A characteristic and consistent feature of the murine response to sensitization and short-term airway allergen challenge is the development of AHR in response to inhaled MCh. Changes in lung function, measured in a variety of ways, have been demonstrated in both BALB/c and C57BL/6 mice. Although there are strain-related differences in the extent, for example, of changes in lung resistance versus compliance (24), or MCh reactivity (24, 25), AHR remains a consistent outcome of sensitization and short-term airway challenge. Extending airway challenge with the addition of four or eight more exposures over an additional 2 to 4 wk resulted in a marked attenuation of AHR in both strains of mice. In BALB/c mice, AHR was virtually abolished after seven challenges, whereas C57BL/6 mice showed a progressive decrease in AHR with increasing challenges. These decreases in AHR were observed throughout the MCh dose–response curve and in measures of both RL and Cdyn.
These significant decreases in AHR occurred despite the maintenance of a significant increase in numbers of BAL fluid and lung tissue eosinophils through seven inhalation challenges with allergen. At face value, the data suggest the absence of a correlation between lung and BAL fluid eosinophilia and persistence of AHR. By 11 challenges, this dissociation was no longer apparent, as airway function normalized. The role of eosinophils in AHR is controversial in many species, including humans (29, 30) and mice (31, 32). Even after sensitization and short-term challenge, discrepancies have been reported (33). We and others (31, 34) have suggested that eosinophils and IL-5 are linked to AHR, in contrast to another report (35), at least when sensitization is followed by limited airway challenge (one to three intranasal or nebulized challenges). Moreover, with respect to the temporal sequence of these events, lung tissue eosinophilia has been better correlated with AHR than BAL fluid eosinophil numbers (24). Exceptions to the association of AHR and BAL fluid eosinophilia may be attributed to differences in the challenge protocol and readouts of lung function (36), although the exact reason(s) remain unclear. In a previous study, we also demonstrated that after secondary challenge, the role of eosinophils in the development of AHR became more complicated, and, to some extent, eosinophil independent (37).
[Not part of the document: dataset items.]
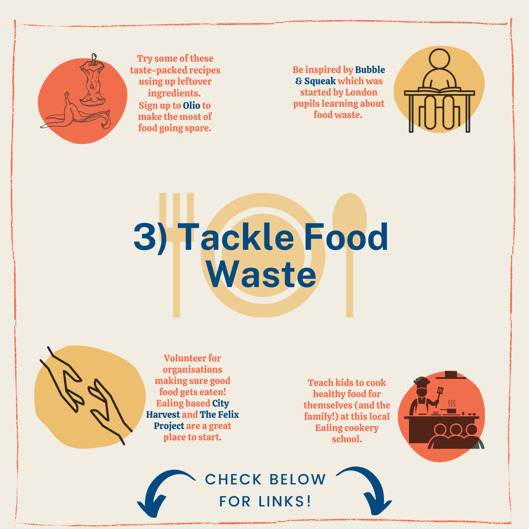 - Volunteer for organisations making sure good food gets eaten! Ealing based City Harvest and The Felix Project are a great place to start.
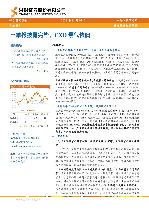 CXO 三季报 互联网诊疗监管 医疗服务 医药生物
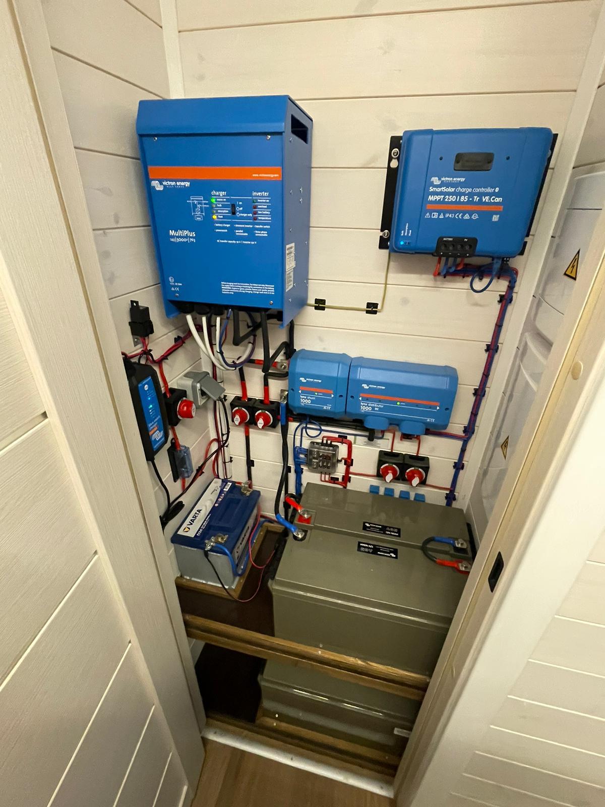 MAXIMUM + CERBO GX (6-8 days or more out of port, depending on weather conditions and solar intensity, and using standard/base electrical equipment). VICTRON ENERGY equipment: INVERTER MULTIPLUS 24/3000/70-50 , CERBO GX, GX Touch 70, GX LTE 4G-E, 12V/165Ah AGM deep cycle batteries (M8) 6 pcs, LYNX DYSTRYBUTOR, LYNX Shunt VE.Can, Baterry BALANCER, Solar panels 24V 360W Mono series 4a 6 pcs,SmartSolar MPPT 250/85-Tr VE.Can, Battery switches ON/OFF 275A, MEGA-fuses, Orion IP67 24/12-20 (240W) DC-DC converter, Orion-Tr 24/24-17A (400W) Isolated DC-DC converter, SHORE power cord 25 m 16A/250VAC (3X2, 5SQMM), POWER INLET STAINLESS WITH COVER 16A/250VAC (2P/3W), wires, connectors, installation work.
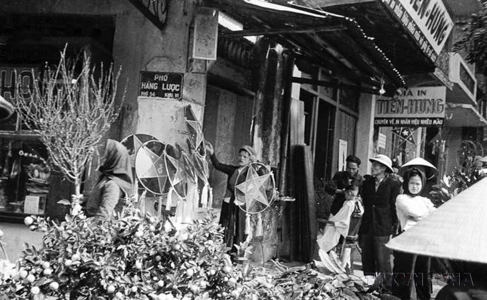 Chợ hoa Hàng Lược Tết Bính Thân 1956. Ảnh: TTXVN
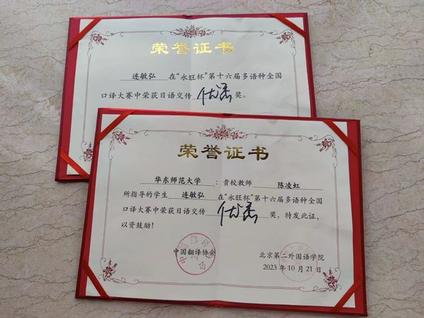 来自国内外高校的114名选手在各项比赛中展开激烈角逐,最终日语系2020级本科生连敏弘获得日语交替传译组优秀奖,陈凌虹老师获得优秀指导教师称号。
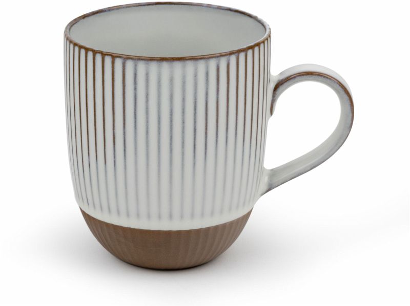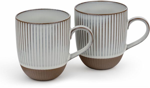 Set aus zwei modernen Tassen mit Henkel und einem Fassungsvermögen von 450 ml. Die Tassen sind spülmaschinengeeignet und mit einem Streifenmuster versehen.

The persistence of lung and BAL fluid eosinophilia in the absence of AHR after seven challenges could be the result of several possibilities. One possibility is that the data simply reflect differences in the kinetics of individual responses. A second possibility is that eosinophilia is not linked to development of AHR; this is possible but less likely on the basis of the data discussed above. These discrepancies are reinforced by two contradictory reports using "eosinophil-less" mice (38, 39). A third alternative is that the eosinophils persist for longer periods in the lung tissue (34), but are no longer activated so as to result in AHR. As there are no good markers of eosinophil activation, this question remains open, and could explain the shift in kinetics or dissociation of eosinophilia and AHR. Since other factors (eotaxin-1, RANTES, and GM-CSF) affecting eosinophil recruitment, survival, and activation were elevated, at least after seven challenges, this may account for the persistent eosinophilia but an eosinophil activation factor present after short-term challenge, such as IL-5, was no longer available. However, our results showed that the levels of RANTES or GM-CSF in BAL fluid were not correlated to the persistence of AHR in mice after repeated OVA challenges.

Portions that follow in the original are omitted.